Home Software Services About Contact usearch manual
Sample pooling

I usually recommend pooling samples for OTU clustering, for the following reasons.

Comparing samples
Creating a single set of OTUs is the most natural and intuitive basis for sample comparison, e.g. using a beta diversity metric. If you create separate OTUs for each sample, they are not directly comparable.

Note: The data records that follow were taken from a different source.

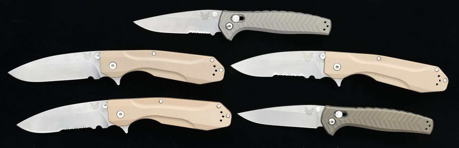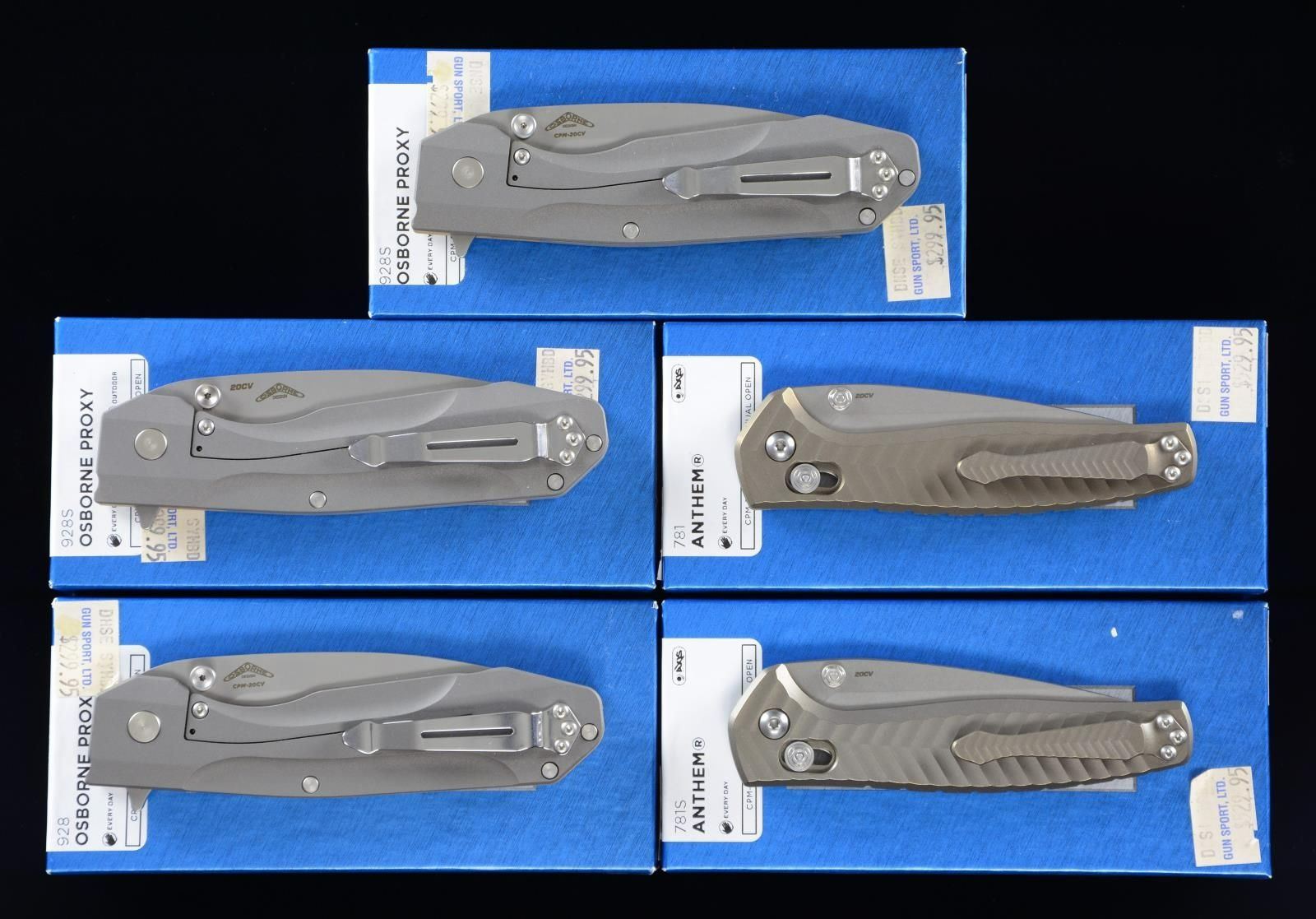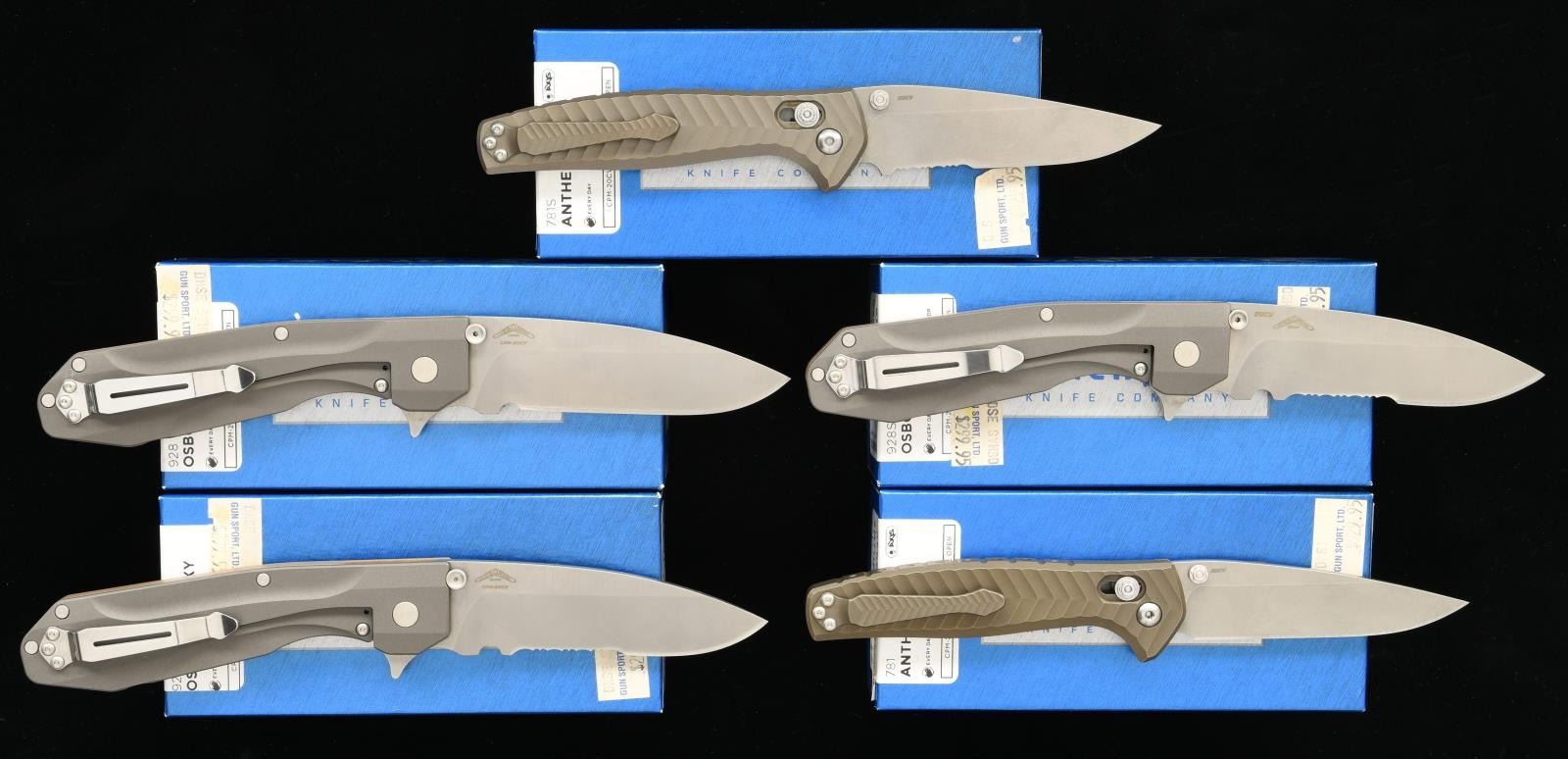 KNIVES. These Manual Open BenchMade knives are all in blue factory boxes, have protective cloth bags and instruction papers. 1) 1 - 781 ANTHEM EVERYDAY CPM-20CV knife w/ 3 1/2" single edge blade. Left side marked w/ BenchMade logo. Right side marked w/ "20CV". Bronze colored alloy grip w/ belt clip. 2) 1 - 781S ANTHEM EVERYDAY CPM-20CV knife w/ 3 1/2" partially serrated blade. Left side w/ BenchMade logo. Right side w/ "20CV". Silver colored alloy Chevron patterned handle. 3) 2 - 928S EVERYDAY TACTICAL OUTDOOR CPM-20CV knife w/ 3 3/4" partially serrated blade. Left side w/ BenchMade logo. Right side has "20CV" & Osborne logo. Gray & tan composite grip w/ belt clip. 4) 1 - 928 OSBORNE PROXY EVERYDAY TACTICAL OUTDOOR CPM-20CV knife w/ 3 3/4" blade marked on left w/ BenchMade logo. Right side marked w/ Osborne logo & "CPM-20CV". Tan & gray composite grip. CONDITION: near new in factory boxes. PROVENANCE: the Collection of Gun Sport Ltd. owned by Jon R. Thomas. (02-20783-4/RW). $800-1,200.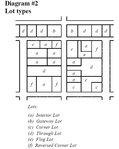 Lot, interior: A lot other than a corner lot or reversed corner lot (see Diagram #2).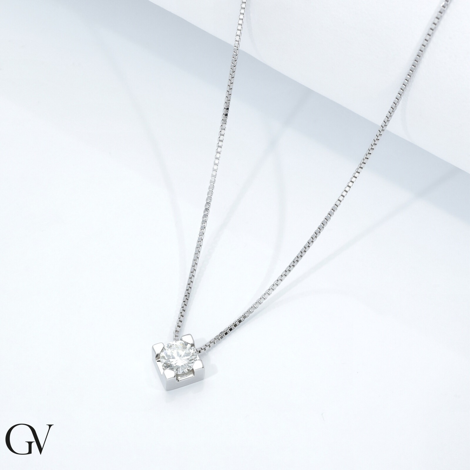 18k white gold solitaire necklace with 0,70 ct diamond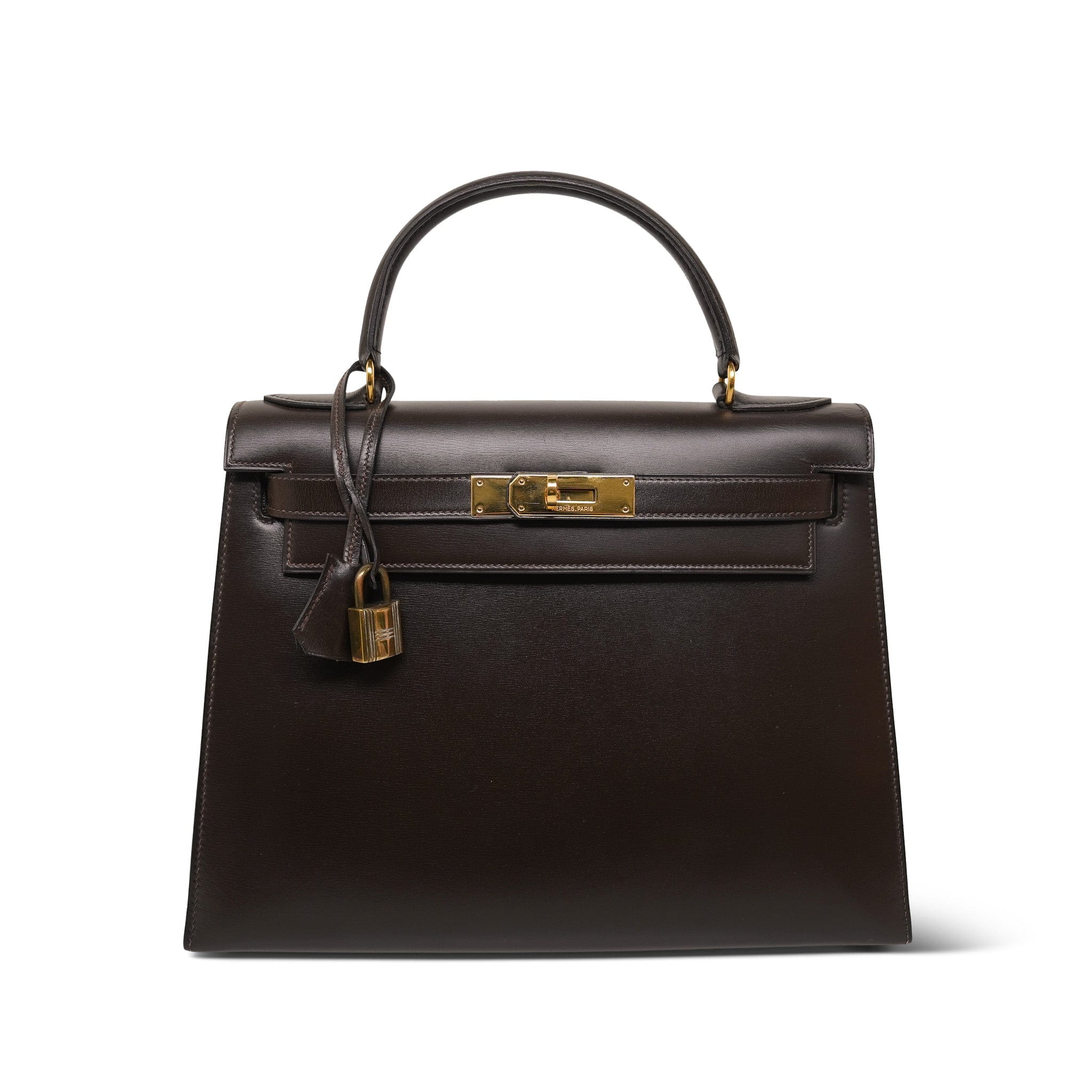 Kelly Sellier 28 Ebene Box Calfskin Gold Plated H Circle Stamp

Improved amplicon abundance estimation and singleton detection
Samples are pooled, then a sequence that appears as a singleton in one sample may also appear in another sample. If singletons are discarded after pooling (as usually recommended in order to reduce spurious OTUs), then more low-abundance species will be retained.

Chimera detection
The UPARSE-OTU and UCHIME de novo algorithms both require that a chimera has lower read abundance than its parents. Chimeras are not detected if a parent has the same number or fewer reads. This most often happens with low-abundance parents, e.g. when a chimera and one of its parents are both present in exactly two reads. If samples are pooled, parent abundances usually increase because they are found in multiple samples, while chimeras are only rarely reproduced so will usually be found only in a single sample. Even if chimeras are reproduced, pooling will tend to increase both chimera and parent abundances, leading to a more accurate reflection of amplicon abundance so that parent abundances become greater than their chimeras. Conversely, pooling is highly unlikely to increase the abundance of a chimera relative to its parents. Pooling is therefore effective in reducing the number of spurious OTUs due to chimeras.

Samples should be combined after non-biological sequences such as barcodes have been stripped from the reads, and before dereplication. This is required so that dereplication reflects the abundances of unique biological sequences across all samples.